**Task instructions**
Print the data verbatim. Leave every image out.

┌─ Supplied information

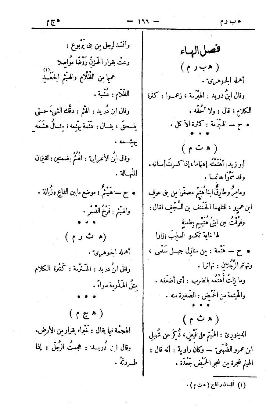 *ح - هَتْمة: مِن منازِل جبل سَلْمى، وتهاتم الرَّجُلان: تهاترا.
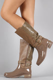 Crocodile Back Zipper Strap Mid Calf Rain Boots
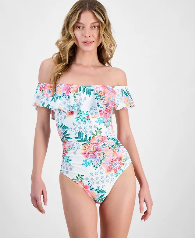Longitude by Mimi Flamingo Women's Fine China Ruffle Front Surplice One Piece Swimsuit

└─

**Solution to the exercise**
 *ح - هَتْمة: مِن منازِل جبل سَلْمى، وتهاتم الرَّجُلان: تهاترا.
 Crocodile Back Zipper Strap Mid Calf Rain Boots
Longitude by Mimi Flamingo Women's Fine China Ruffle Front Surplice One Piece Swimsuit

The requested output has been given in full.